Dijkstra’s Algorithm

Dijkstra’s is a greedy algorithm for graphs with non-negative edge weights. It maintains a priority queue of tentative distances and “finalises” vertices in order of increasing distance.

Dijkstra(G, s):
    for each v in V: dist[v] = ∞, prev[v] = NIL
    dist[s] = 0
    Q = min-priority queue of all v, keyed by dist[v]
    while Q not empty:
        u = Q.extract_min()
        for each edge (u, v) with weight w:
            if dist[u] + w < dist[v]:
                dist[v] = dist[u] + w   // relaxation
                prev[v] = u
                Q.decrease_key(v, dist[v])

Complexity. With a binary heap: extract_min costs $O(\log V)$ and is called $V$ times; decrease_key costs $O(\log V)$ and is called at most $E$ times. Total: $O((V + E) \log V)$. With a Fibonacci heap, decrease_key becomes $O(1)$ amortised, giving $O(E + V \log V)$.

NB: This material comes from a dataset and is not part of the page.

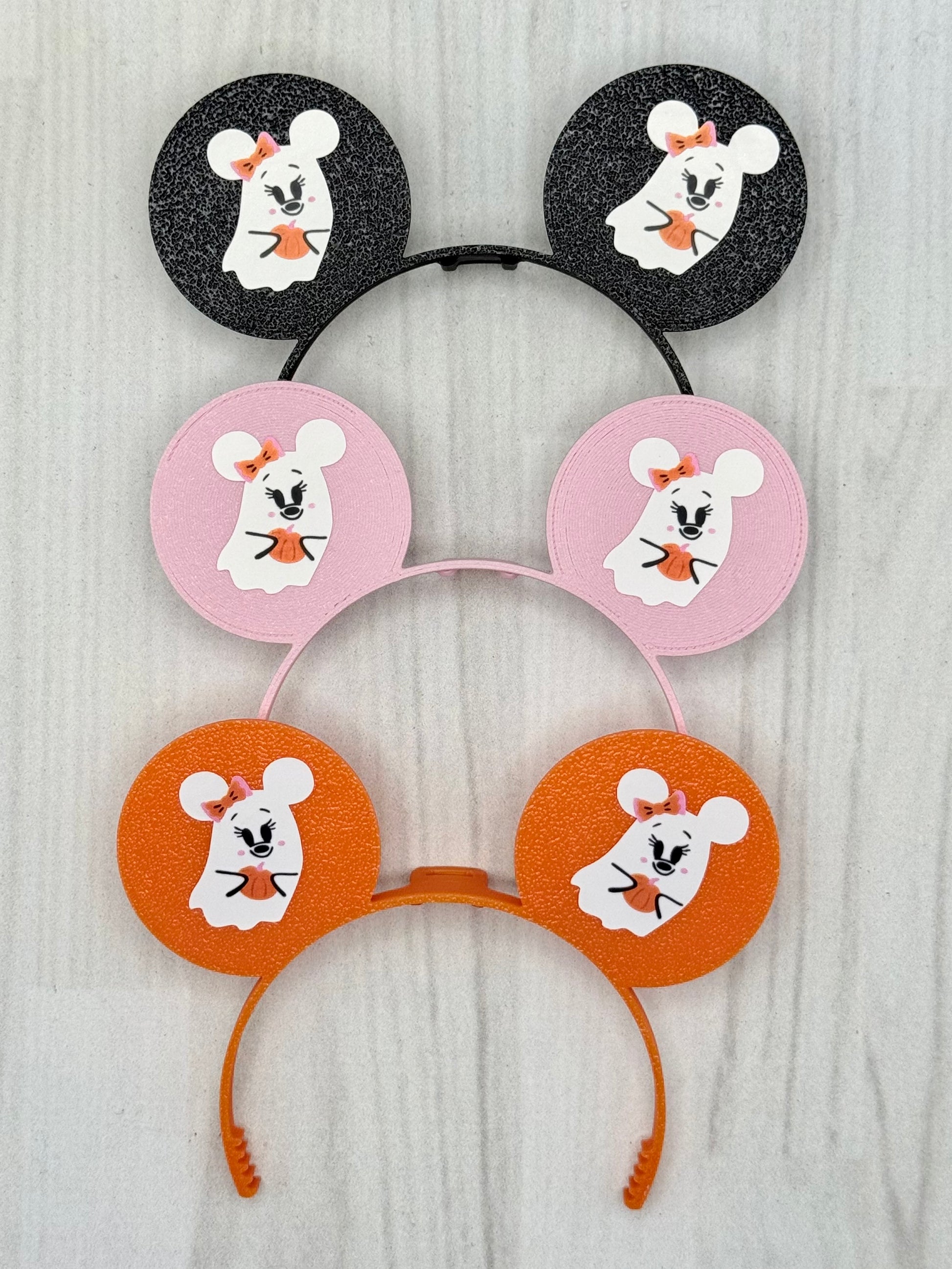 Give your plush a spooky-season upgrade with these 3D printed Boo-tiful Ghost Mouse Ears! Each headband has a slot to thread onto your plush’s ribbon tag for a secure fit, and the DTF-printed ghost designs add a crisp Halloween touch that won’t fade.

If the graph is dense ($E = \Theta(V^2)$) and represented by an adjacency matrix, a simple array for dist with linear-scan extract_min gives $O(V^2)$ - better than the heap version in that regime.

Proof of correctness. The key invariant is: when a vertex $u$ is extracted from $Q$, $\text{dist}[u] = \delta(s, u)$.

Proof by induction. Base: $s$ is extracted first with $\text{dist}[s] = 0 = \delta(s,s)$. Inductive step: suppose all previously extracted vertices have correct distances. Let $u$ be the next extracted vertex with $\text{dist}[u] = d$. Assume for contradiction that $\delta(s, u) < d$. Then some path $p : s \leadsto u$ has weight $< d$. Let $(x, y)$ be the first edge in $p$ where $y$ has not yet been extracted. Since $\text{dist}[x] = \delta(s,x)$ (by induction, $x$ was already extracted) and $w \geq 0$, we have:

$$\text{dist}[y] \leq \delta(s, x) + w(x,y) \leq \delta(s,u) < d = \text{dist}[u]$$

But then $y$ would have been extracted before $u$ - contradiction. Hence $\text{dist}[u] = \delta(s,u)$. $\square$

Bellman-Ford Algorithm

When edge weights may be negative, Dijkstra’s fails. Bellman-Ford runs $V - 1$ rounds of edge relaxation over all edges.

BellmanFord(G, s):
    for each v in V: dist[v] = ∞
    dist[s] = 0
    repeat V-1 times:
        for each edge (u, v, w) in E:
            if dist[u] + w < dist[v]:
                dist[v] = dist[u] + w
    // Negative-cycle detection
    for each edge (u, v, w) in E:
        if dist[u] + w < dist[v]:
            report negative cycle

Complexity. $V - 1$ rounds each scanning $E$ edges: $O(VE)$.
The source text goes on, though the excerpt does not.